Maintaining Mental Health in Lockdown.

High levels of bad vibes and low levels of human interaction, lockdown for some can cause all sorts of mental health issues. Even for individuals with strong mental endurance can struggle to manage their mental stamina. With everything in the current climate knocking you down, we have gathered a few helpful tips to help you get back up.

Stay connected, keep in touch.

Not necessarily social media but staying connected to your friends and family via Email, Telephone, Text Video calls etc. can be a great way of talking through your worries or concerns. It’s normal to feel a bit worried, scared or helpless at times with our current situation; remember it’s okay to share your worries with others you trust. They may make you feel better. If you cannot speak to someone you know or if doing so has not helped, there are hundreds of helplines you can try instead. Sometimes these are even more helpful as it is a stranger who does not know you or your life choices.

Top tip: Schedule a call with a different person each day to widen your social connectedness and help maintain valuable friendships!

There are thousands of online communities, gatherings, and socials all available online. Hundreds of active member parties that you can get involved with.
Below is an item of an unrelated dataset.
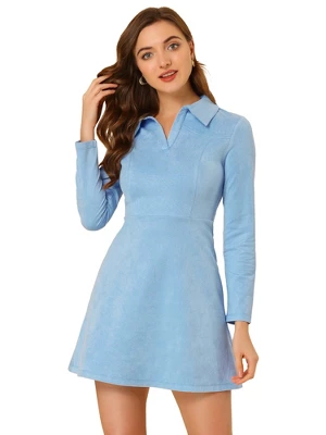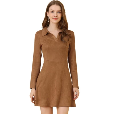 This faux suede dress is perfect for fall and spring, which is simple and fashionable. This a-line dress features faux suede, a lapel neck, long sleeves, a side zipper. Designed for a close fit, it’s high waist design that shapes your waistline. The V neckline leaves a charming look. Team it with anything from classic black pumps to knee boots.

People that you can get inspiration from, learn from, and grow with.

Top tip: Manage your time on social media – while it’s great to feel connected online, make sure to find a balance between online time and maintaining relationships with those closest to us. Take a break altogether on some days.

Look after your body, keep on your feet.

Our physical health has a significant impact on the way we think and feel. At times like this, it can be easy to fall into unhealthy patterns of behaviour that end up making you feel worse. Try to adjust your diet, well-balanced meals, drink enough water and exercise regularly. Avoid smoking, drugs or drinking too much alcohol. If you are staying home, you could try exercising indoors, take online courses or commit to a weekly schedule. Even workouts that are as little as 10 minutes a day can be great for your body.

Top tip: Try doing 10 squats whilst brushing your teeth, 10 push-ups whilst waiting for the kettle to boil or 10 sit-ups whilst waiting for the laptop to start.

Do not stay glued to the news but keep track.

This may be obvious to some, but too much news can be bad for you. Try to limit the time you spend watching tv, reading, or listening to coverage of the outbreak. Turn off notifications for news applications, social media application or any applications that could give you negative news throughout the day. On top of this, only use trustworthy sources of information – these are sites like GOV.UK and the NHS website. In these troubling times, thousands of fake news articles are being produced to get reactions. Don’t become a victim of fake news.

Top tip: Instead of checking in with the news daily, opt to have a movie night with your family, or perhaps a film night with friends and share your thoughts after on video call.

Carry on doing things you enjoy and take time for yourself.

For many people, the thing they enjoy is still accessible to the – other people, however, may be restricted to limited sources of activities due to lockdown. This is the time to find new talents, build a new hobby or partake in things you may never have done before. Try to start a new hobby: read, write, do crosswords or jigsaws, bake, try drawing and painting. Whatever it is, find something that works for you.

Top tip: Allocate 30 minutes each day to do something for you – this could be taking a relaxing bath, practising some mindfulness, doing some exercise, playing with the kids, learning a new activity or simply cosying up with a book before bedtime.

Take time to relax, sleep and practice mindfulness.

Relaxation in times of worry can be difficult and finding a way to get to sleep at night for some can be a mission. So, try new things, consider a bath before bed, warm milk, soothing music, or other techniques proved to boost your feelings of relaxation and minimise feelings of anxiety. Good quality sleep makes a big difference in how we feel, so it is essential to get enough. Try to maintain a sleeping pattern, stick to good sleeping practises.

Mindfulness is the practice of focusing your mind on the present moment and accepting your thoughts without judgement. Amid all the uncertainty and stress that people may be experiencing currently, it is something worth trying to help calm a busy mind.

Top tip: if you are new to mindfulness, try simple breathing or meditation techniques to get your started. Paying attention to our breath is a simple way to focus our attention.

In Summary

Self-isolation may be challenging, but there are things you can do to support your wellbeing and even make it a positive experience. Be thankful for the things you have around you, embrace the time spent with family, and reach out as much as possible to those around you. Further support and advice are always accessible to those who need it. More resources than ever are made remotely accessible to us, and therefore the help is all at your fingertips.